Welcome to the starter notebook for this beginner-friendly data science hackathon! In this challenge, your goal is to build a machine learning model that can predict whether a student will be admitted into a graduate program based on their academic profile.

This notebook will walk you through a simple end-to-end pipeline:
- Loading and exploring the data
- Preprocessing
- Training a baseline model
- Making predictions
- Preparing a submission

---

## 📦 Files
- `train.csv`: Training data (features + target)
- `test.csv`: Test data (features only)
- `SampleSubmission.csv`: Format for submitting predictions

---

## 🧠 Target Variable
- `Admitted`: 1 if the student was admitted, 0 otherwise

Let's get started! 🚀


In [None]:
# 📚 Importing Libraries
import pandas as pd
import numpy as np
import matplotlib.pyplot as plt
import seaborn as sns
from sklearn.model_selection import train_test_split
from sklearn.ensemble import RandomForestClassifier
from sklearn.metrics import classification_report, accuracy_score

In [None]:
# 📥 Load the Data
train = pd.read_csv("train.csv")
test = pd.read_csv("test.csv")
sample_submission = pd.read_csv("SampleSubmission.csv")

# Peek at the data
train.head()

## 🔍 Exploratory Data Analysis (EDA)
Let’s explore the training data to understand the features and target.

In [None]:
train.info()

### 🏷️ Encoding 'Location'

We used **one-hot encoding** to convert the categorical `Location` column into numeric format.
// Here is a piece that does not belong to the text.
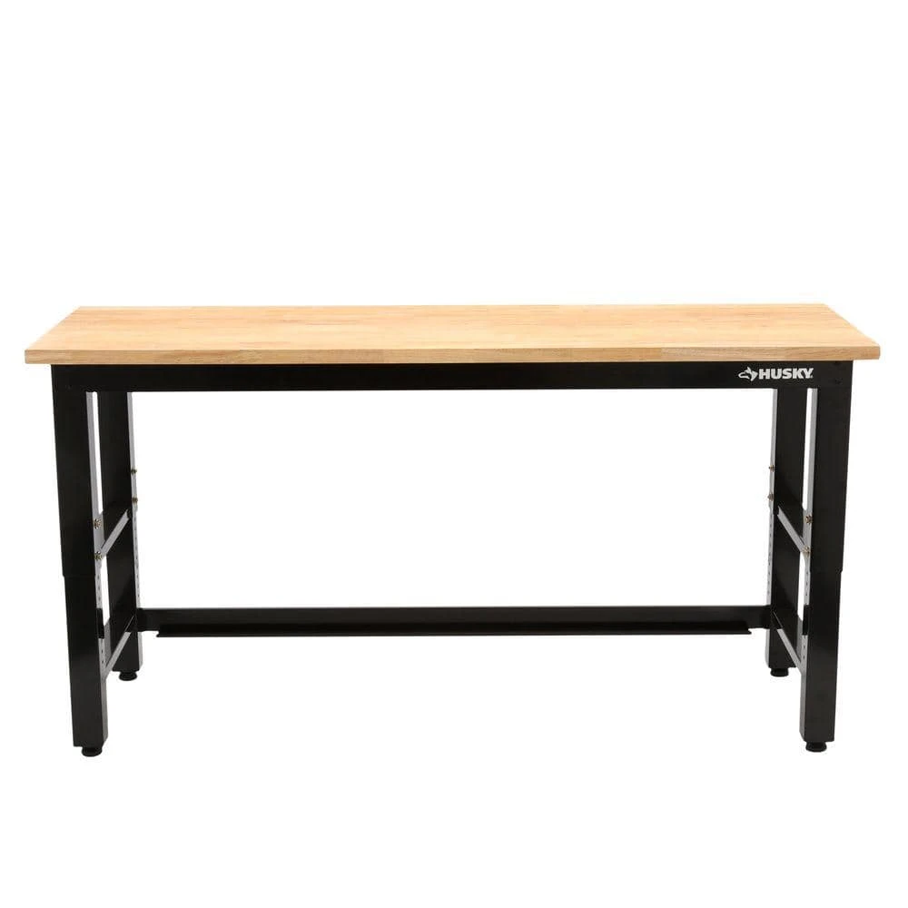 Give yourself more workspace with this 6 ft. Adjustable Height Solid Wood Top Workbench in Black for Ready to Assemble Steel Garage Storage System. Easily place this in your garage to complete projects and tasks. It features a hardwood top for durability. Adjust the height of the workbench to fit your needs.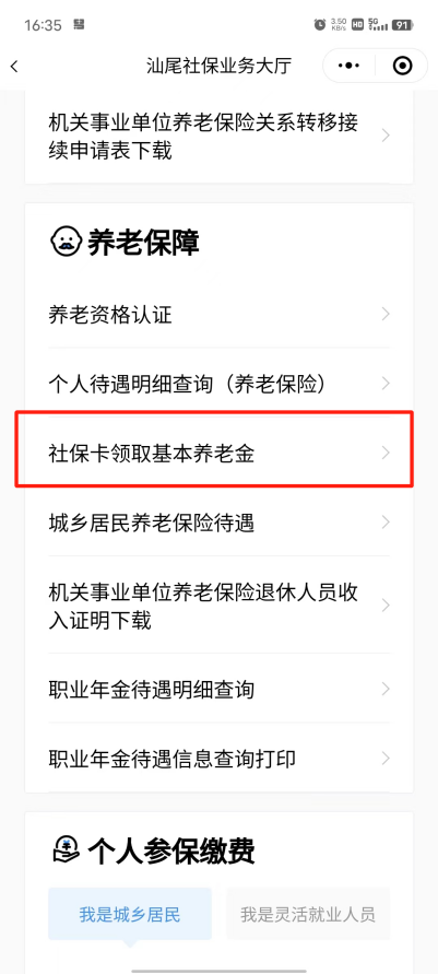 第一步:打开微信搜索“粤省事”→登录“粤省事”→切换所在地市为“汕尾”→点击热门服务里的【社保】,在“养老保障”模块选择“社保卡领取基本养老金”服务。

This creates binary columns for each unique location (excluding one to avoid redundancy):


In [None]:
train['Location'].value_counts()

In [None]:
train.isnull().sum()

In [None]:
# Fill missing numeric values with the mean of each column
numeric_cols = ['GRE Score', 'TOEFL Score', 'SOP', 'CGPA']
train[numeric_cols] = train[numeric_cols].fillna(train[numeric_cols].mean())

# Double check to confirm missing values are handled
print("Remaining missing values:", train.isnull().sum().sum())

In [None]:
# Fill missing numeric values with the mean of each column
numeric_cols = ['GRE Score', 'TOEFL Score', 'SOP', 'CGPA']
test[numeric_cols] = test[numeric_cols].fillna(test[numeric_cols].mean())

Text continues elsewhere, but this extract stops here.